На встречах с придворными и на заседаниях совета Авалькира настаивала, чтобы они с сестрой сидели по правую руку от короля – там, где обычно полагалось быть королеве, а мачеху оттеснила на левую, куда менее почетную сторону.
После смерти отца, когда мачеха попыталась захватить трон, Авалькира наводнила совет своими союзниками, угрозами вытеснив многих наперсников регентши и предупреждая любые поползновения будущей королевы.
Авалькиру не сломило даже Стельское восстание – крупнейший конфликт до Войны крови. Она выиграла битву, взяв с собой лишь половину рекомендованного войска, сказав, что не желает оставлять Аура-Нову беззащитной перед кознями мачехи, и даже приволокла на поле боя Феронию – чтобы мачеха не восстановила сестру против Авалькиры, не использовала в своих кознях.
А уж когда выяснилось, что короля отравила супруга, королева-регент, Авалькира позаботилась о правосудии.
– Как же она воздала королеве, майора? – спросила как-то поздней ночью Вероника у бабушки, слушая эту историю. Они сидели, как обычно, у огня: Вероника лежала, свернувшись калачиком на куче матрасов и подушек, служивших ей и Вал постелью, а майора устроилась рядом, на старом колченогом стуле.
– Как та и заслуживала, ксе Ника, – ответила Вал, юркнув к ней под одеяло. – Ей что, надо было сохранить жизнь коварной мачехе и поместить ее в уютную камеру, откуда та устроила бы смуту? Разве можно доверять суду трусливых политиков, преследующих собственные интересы? Око за око. Смерть была единственным достойным наказанием.
– А как же Ферония? Разве Авалькира не любила сестру? Как могла убить ее мать? – Вероника успела заметить, как Вал и майора украдкой переглянулись у нее над головой.
– Не все так просто, – ответила бабушка. – Любовь и политика – как вода и масло, не смешиваются. То, что было хорошо для империи и притязаний на трон Авалькиры, не обязательно подходило ее сестре.
– Так она предпочла любви политику?
Вал раздраженно зарычала:
– Авалькира не могла оставить безнаказанным цареубийство. Вероника, люди уважают силу. Она была наследницей престола, а долг требовал воздать за убийство отца.
Однако то решение привело к расколу: сестры, которые всегда сражались вместе против воли совета и махинаций губернаторов, наконец разошлись.
Позднее майора объяснила, что Авалькира надеялась получить поддержку в борьбе за трон, но добилась обратного.
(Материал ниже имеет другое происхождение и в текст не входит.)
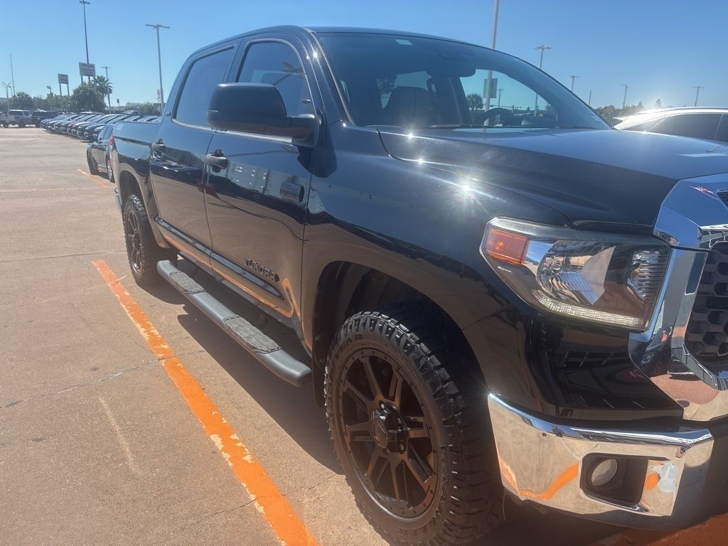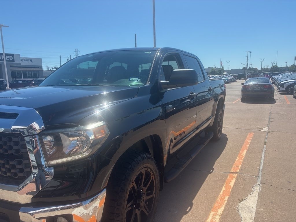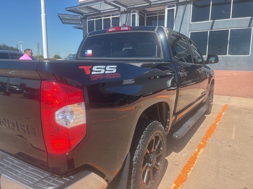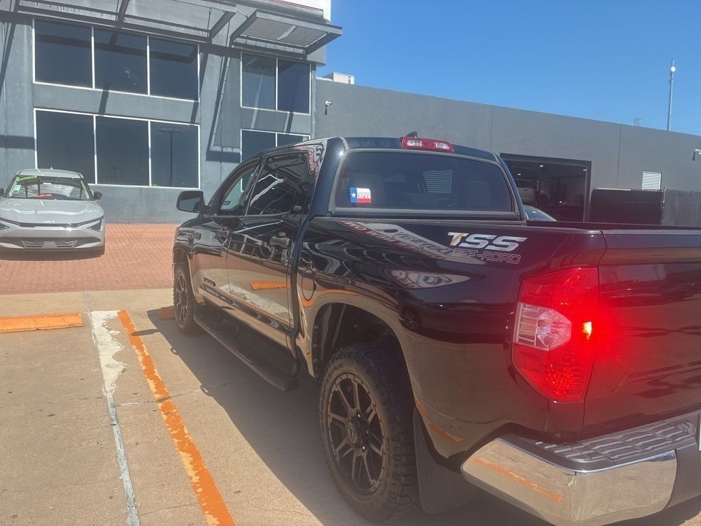 The brawny chiseled look of the Tundra is the ideal platform for the optional TRD Pro Off-Road Package. Model specific features include: split five-spoke TRD Off-Road Package alloy wheels with black accents and all-terrain P275/65R18 tires, trail-tuned Bilstein shock absorbers, engine skid plate, fuel tank skid plate, front tow hooks, LED fog lights (SR5), TRD Off Road floor mats (SR5/Limited), and bed side TRD Off-Road decal.

Народ счел ее жестокой и безжалостной, и вся любовь досталась Феронии. Сестры перестали разговаривать, а Авалькира даже не пришла на похороны королевы.
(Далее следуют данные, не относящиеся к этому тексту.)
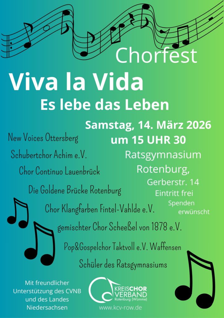 Der Kreischorverband und die Mitgliedschöre veröffentlichen hier ihre Auftritte. Bei Fragen zu einzelnen Veranstaltungen wenden Sie sich bitte direkt an uns oder an die Chöre. Kontaktdaten finden Sie in den Rubriken „Vorstand“ und „Mitgliedschöre“.
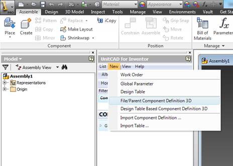Select File/Parent Component Definition 3D from the new menu

И хотя Авалькира так и не созналась в убийстве мачехи, она стала главным подозреваемым. Спасаясь от суда, бежала в Пиру и там стала подстрекать провинцию к тому, чтобы отделиться от империи. Подписывала договоры, перекраивала карты, и Пира вновь сделалась независимой. Пока Авалькиры не было, Феронию так и не короновали – она еще не вошла в пору зрелости, но от ее имени страной правил совет. Так Ферония заслужила прозвание Королевы совета.
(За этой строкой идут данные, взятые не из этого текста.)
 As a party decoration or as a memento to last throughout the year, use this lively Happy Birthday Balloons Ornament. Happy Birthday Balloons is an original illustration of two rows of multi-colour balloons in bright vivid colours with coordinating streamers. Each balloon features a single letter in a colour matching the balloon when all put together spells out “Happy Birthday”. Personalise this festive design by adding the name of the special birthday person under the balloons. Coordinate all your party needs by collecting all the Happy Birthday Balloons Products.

Услышав рассказ Морры о себе и об Оланне, Вероника пересмотрела все, что знала о Войне крови. Она-то представляла себе Авалькиру Эшфайр героиней, которая ушла в сиянии славы. И сама война, оказалось, состояла не из одного и не двух крупных событий; важных, пусть и не таких больших моментов были десятки, и случились они благодаря Морре и Оланне, продолжавшим биться, даже когда их дело терпело крах. Внезапно великие свершения Авалькиры Эшфайр показались Веронике поспешными и глупыми поступками: она не просто бежала от суда и укрылась в Пире. Она бросила народ, оставив без защиты тысячи сторонников и невинных анимагов. Это ведь из-за нее многих приговорили отбывать повинность, бросили в темницы и даже казнили, а восстанавливать справедливость остались Морра, Оланна и подобные им.
Способов сражаться много… Были огненные битвы и козни при дворе, но были и отчаянные спасения и самопожертвование.
Вероника вспомнила повинника, которого много недель назад видела у хижины. Как осветилось его лицо при виде Ксепиры, при виде нее самой – анимага вроде него, только на свободе. Вероника вспомнила слова коммандера Кассиана: о новой цели наездников, о том, что надо создать мир, в котором их народ сможет жить в безопасности.
Раньше Вероника видела Укротителей просто воинами, которые только и делают, что летают, осыпая полыхающее поле битвы стрелами. Но теперь представление о них сменилось. Она воображала себя наездницей, защищающей повозки с анимагами, детьми, стариками и прочими – людьми вроде нее, потерянными и напуганными, лишившимися дома. По коже побежали мурашки. За такое стоит сражаться.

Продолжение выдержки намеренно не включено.